__THE INPUT__:

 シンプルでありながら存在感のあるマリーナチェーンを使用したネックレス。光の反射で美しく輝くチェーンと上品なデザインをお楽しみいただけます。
...
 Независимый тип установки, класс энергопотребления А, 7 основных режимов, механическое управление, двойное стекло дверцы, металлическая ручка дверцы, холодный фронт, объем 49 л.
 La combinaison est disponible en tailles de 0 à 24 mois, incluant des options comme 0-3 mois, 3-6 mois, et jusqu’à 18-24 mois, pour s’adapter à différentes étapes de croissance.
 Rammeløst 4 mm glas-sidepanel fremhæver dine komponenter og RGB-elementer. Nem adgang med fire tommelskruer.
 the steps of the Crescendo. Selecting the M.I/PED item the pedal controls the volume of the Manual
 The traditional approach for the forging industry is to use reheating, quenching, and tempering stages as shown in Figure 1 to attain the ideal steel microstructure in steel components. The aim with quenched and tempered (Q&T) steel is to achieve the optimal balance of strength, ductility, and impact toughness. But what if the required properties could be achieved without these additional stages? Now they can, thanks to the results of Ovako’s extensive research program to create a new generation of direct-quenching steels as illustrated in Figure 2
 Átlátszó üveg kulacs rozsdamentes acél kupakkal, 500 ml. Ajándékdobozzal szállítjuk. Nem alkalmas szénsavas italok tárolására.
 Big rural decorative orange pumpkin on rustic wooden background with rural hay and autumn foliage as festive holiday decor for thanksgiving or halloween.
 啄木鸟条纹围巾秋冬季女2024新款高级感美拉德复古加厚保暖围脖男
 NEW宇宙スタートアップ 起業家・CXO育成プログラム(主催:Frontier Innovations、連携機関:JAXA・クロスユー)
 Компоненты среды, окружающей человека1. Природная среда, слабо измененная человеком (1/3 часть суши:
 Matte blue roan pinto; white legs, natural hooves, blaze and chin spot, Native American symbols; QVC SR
--
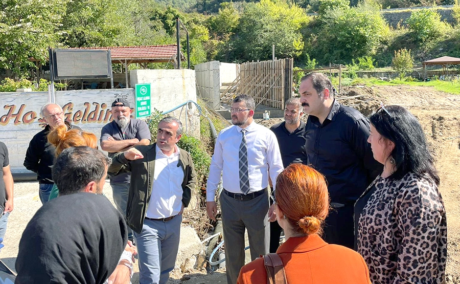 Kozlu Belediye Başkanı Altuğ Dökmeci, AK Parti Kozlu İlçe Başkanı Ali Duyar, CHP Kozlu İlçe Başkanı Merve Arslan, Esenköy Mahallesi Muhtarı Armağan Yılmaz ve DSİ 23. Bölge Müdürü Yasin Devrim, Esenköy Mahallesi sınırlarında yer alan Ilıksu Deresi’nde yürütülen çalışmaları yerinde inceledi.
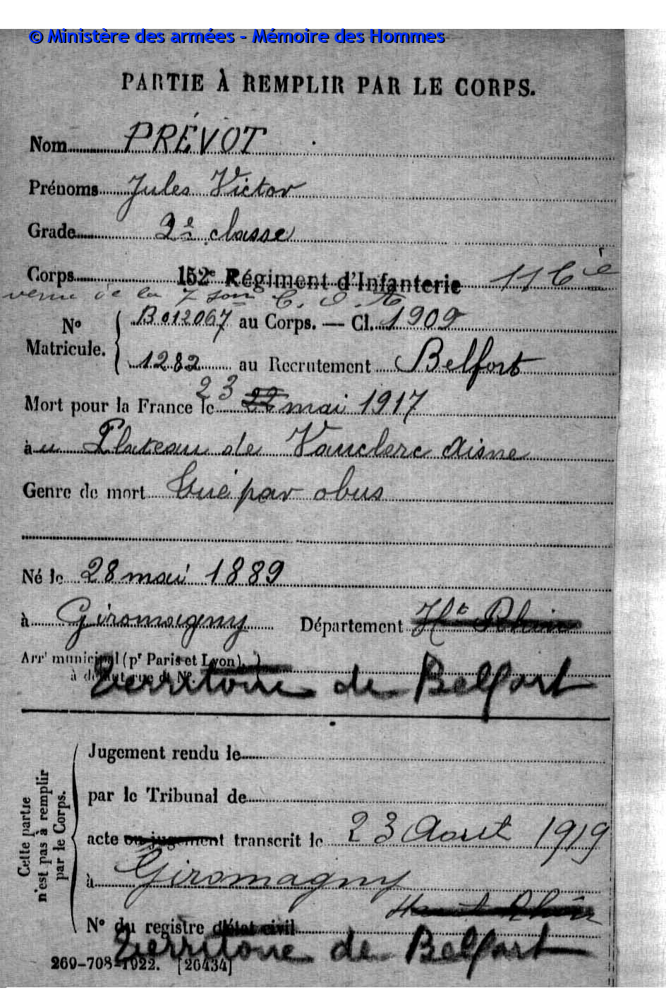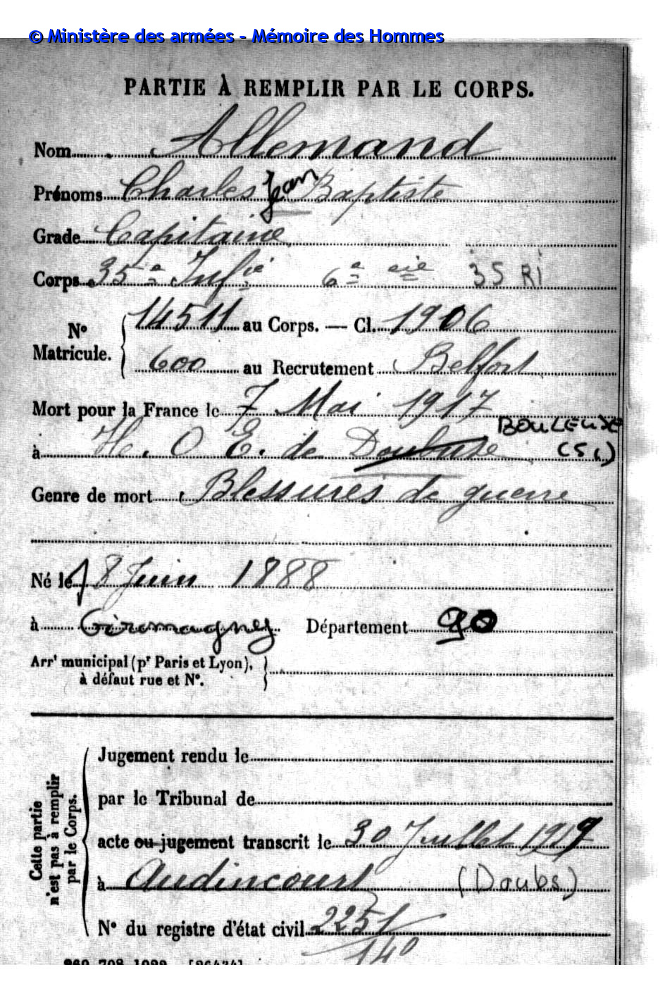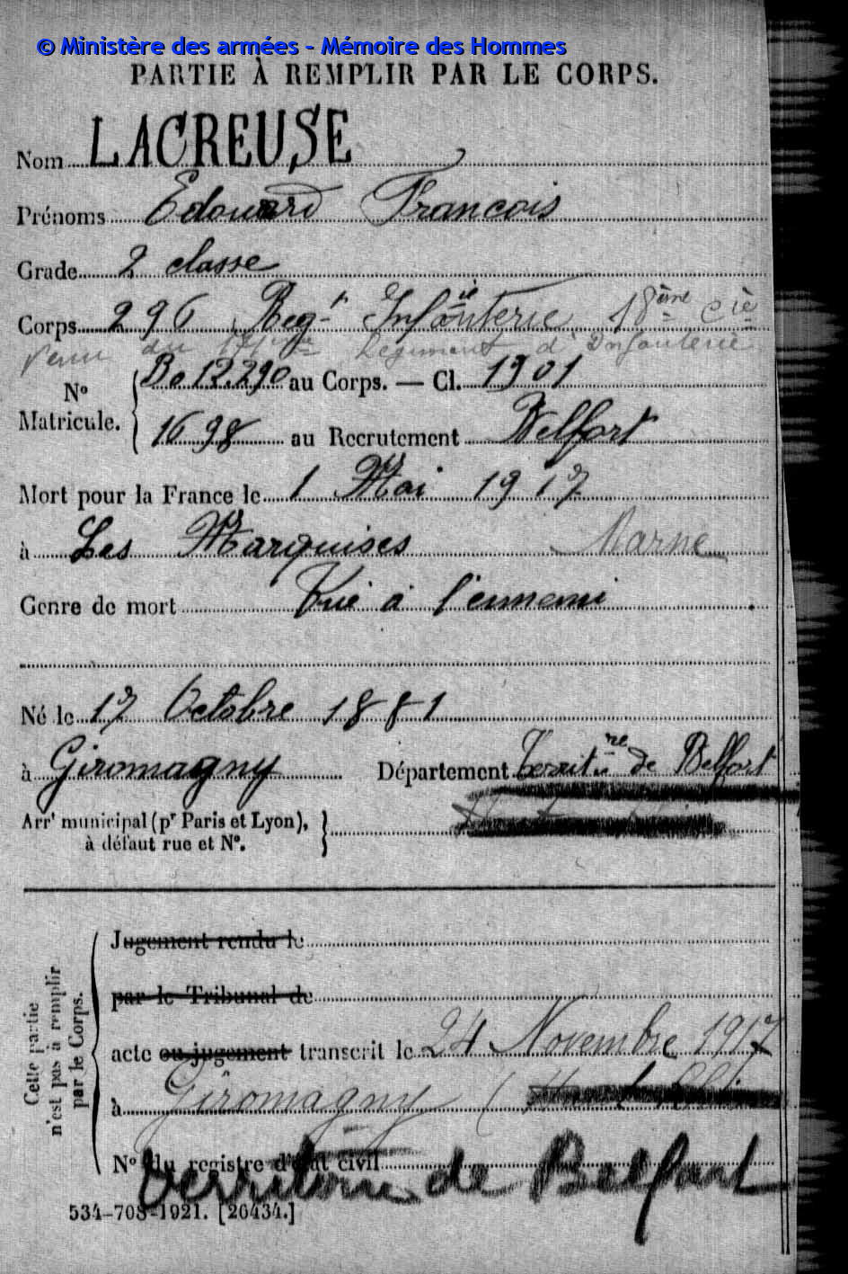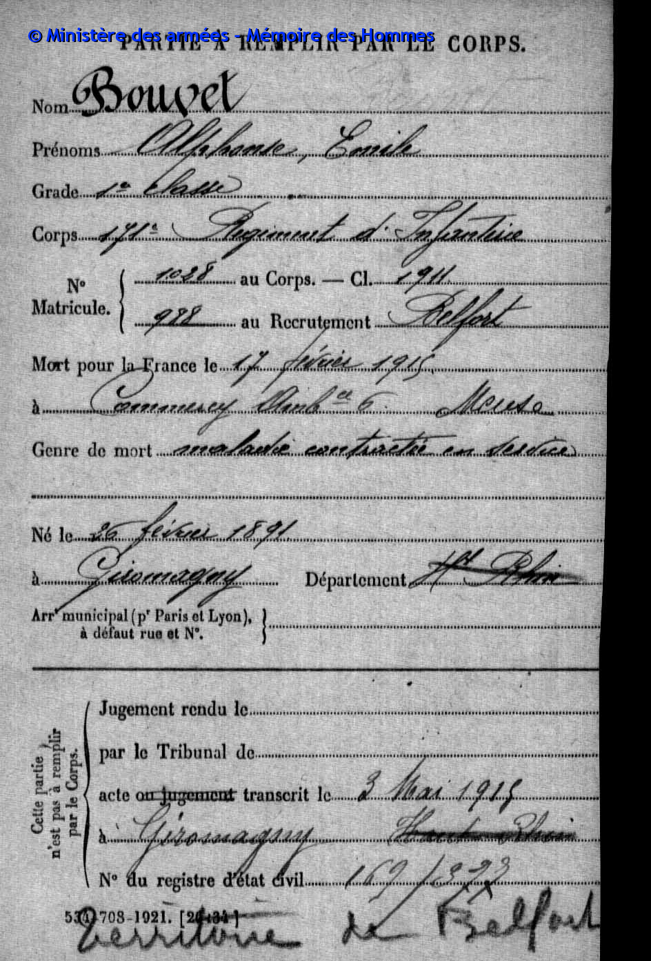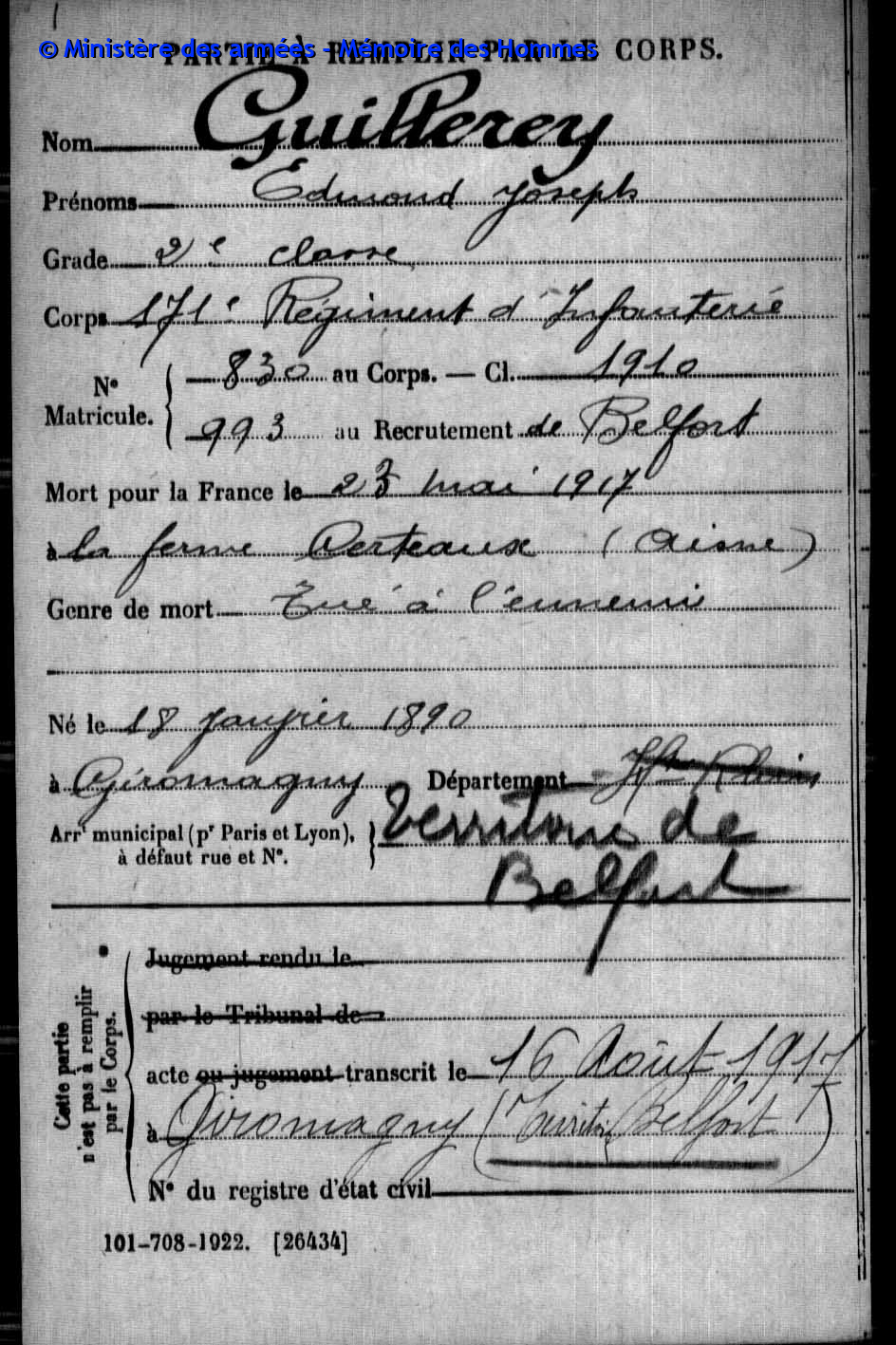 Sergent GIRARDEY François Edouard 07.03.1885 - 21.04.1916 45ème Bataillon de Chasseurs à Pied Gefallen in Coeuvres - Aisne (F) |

__PROBLEM DETAILS__: Set down, exactly as written above, each line from the one with "Kozlu Belediye Başkanı" through the one with "Sergent GIRARDEY François", and skip the pictures.

__ANSWER BOX__:
 Kozlu Belediye Başkanı Altuğ Dökmeci, AK Parti Kozlu İlçe Başkanı Ali Duyar, CHP Kozlu İlçe Başkanı Merve Arslan, Esenköy Mahallesi Muhtarı Armağan Yılmaz ve DSİ 23. Bölge Müdürü Yasin Devrim, Esenköy Mahallesi sınırlarında yer alan Ilıksu Deresi’nde yürütülen çalışmaları yerinde inceledi.
 Sergent GIRARDEY François Edouard 07.03.1885 - 21.04.1916 45ème Bataillon de Chasseurs à Pied Gefallen in Coeuvres - Aisne (F) |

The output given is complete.